**Try it:** Unless it is a picture, every line from the start of the entries through the line with "选派业务骨干进行医疗援疆" must be retyped exactly.

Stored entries
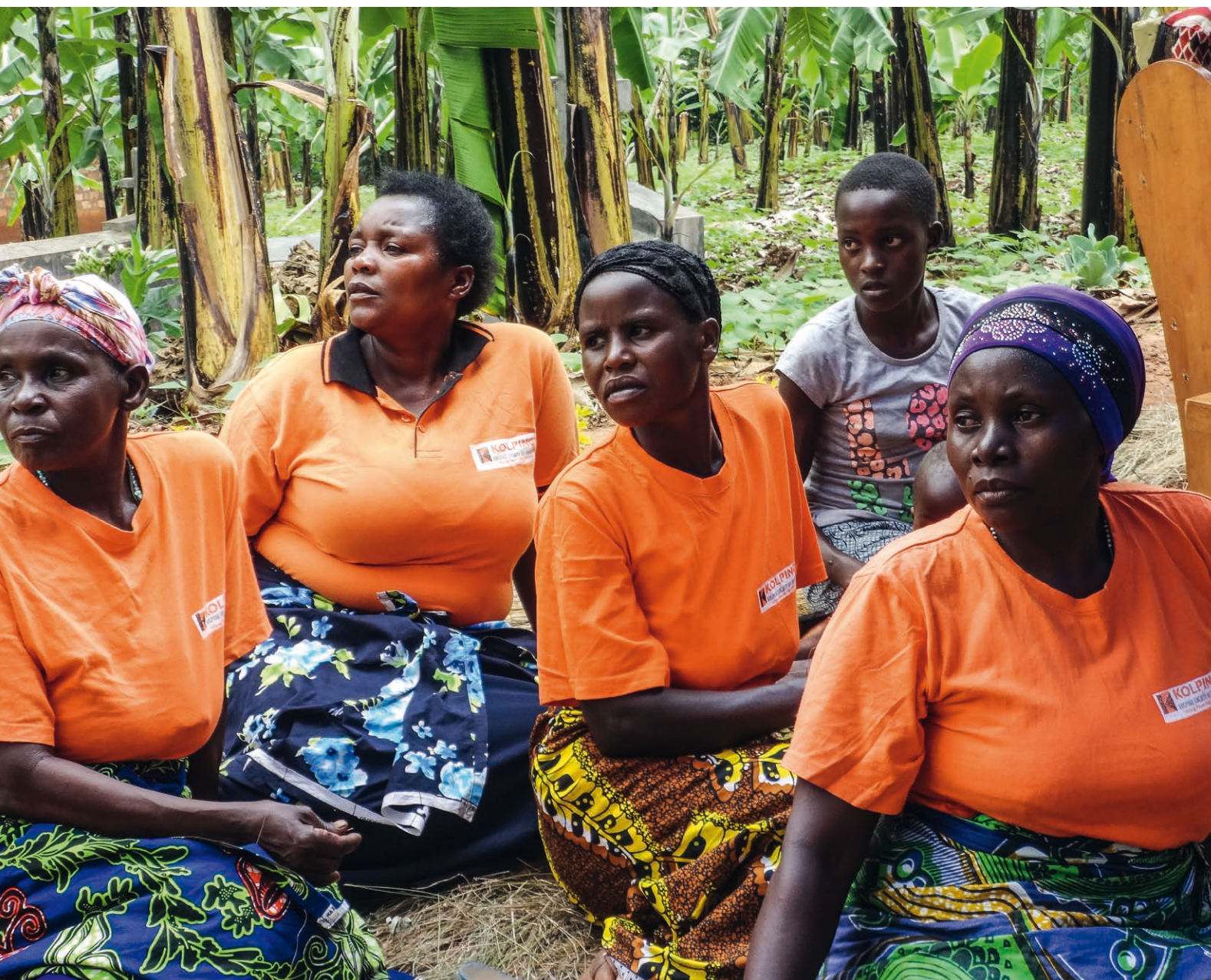
Członkinie Rodziny Kolpinga z wioski Mikoni w Tanzanii.

W celu wdrożenia strategii oraz realizacji misji i wizji sformułowane zostały cele strategiczne określające działania Fundacji do końca 2020 r.
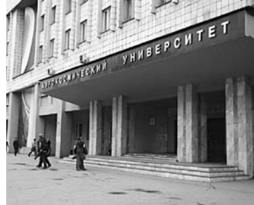
ТЕХНИЧЕСКИЕ ВУЗЫ удержат абитуриентов прошлогодними баллами

Так, в СГАУ по инженерно-техническому направлению подготовки минимальные баллы в 2015 году в зависимости от выбранного факультета и специальности установлены в диапазоне: математика - 45-65, русский язык - 40, физика - 40-45. В прошлом году по основным направлениям подготовки минимальный балл по математике составлял 50, по русскому языку и физике - 45. «В 2014
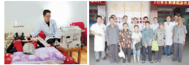
选派业务骨干进行医疗援疆

二〇一八年，我们坚持深化公立医院改革，发展成果服务于民。 通过控制药占比、耗材比，合理检查、合理用药，缩短平均住院日，提高病床周转率等手段，不断加强对门诊、住院费用的管控，切实减轻群众就医负担。积极构建更加精细化、规范化、科学化绩效分配体系，员工福利待遇与事业发展同步提升，干事创业的积极性进一步激发；加大健康扶贫攻坚力度，加强健康教育与健康促进工作，积极开展健康知识普及、健康生活方式推广等专项行动，同步完善全市慢病防治体系。着力搭建滕州市分级诊疗平台信息共享平台，进一步畅通双向转诊渠道。先后选派33名医务人员分别到泗水、山亭等基层医院参加对口支援、卫生支农、西部隆起带重点区域基层服务等帮扶工作，选派1名业务骨干进行医疗援疆。

**Solution:**
Członkinie Rodziny Kolpinga z wioski Mikoni w Tanzanii.

W celu wdrożenia strategii oraz realizacji misji i wizji sformułowane zostały cele strategiczne określające działania Fundacji do końca 2020 r.
ТЕХНИЧЕСКИЕ ВУЗЫ удержат абитуриентов прошлогодними баллами

Так, в СГАУ по инженерно-техническому направлению подготовки минимальные баллы в 2015 году в зависимости от выбранного факультета и специальности установлены в диапазоне: математика - 45-65, русский язык - 40, физика - 40-45. В прошлом году по основным направлениям подготовки минимальный балл по математике составлял 50, по русскому языку и физике - 45. «В 2014
选派业务骨干进行医疗援疆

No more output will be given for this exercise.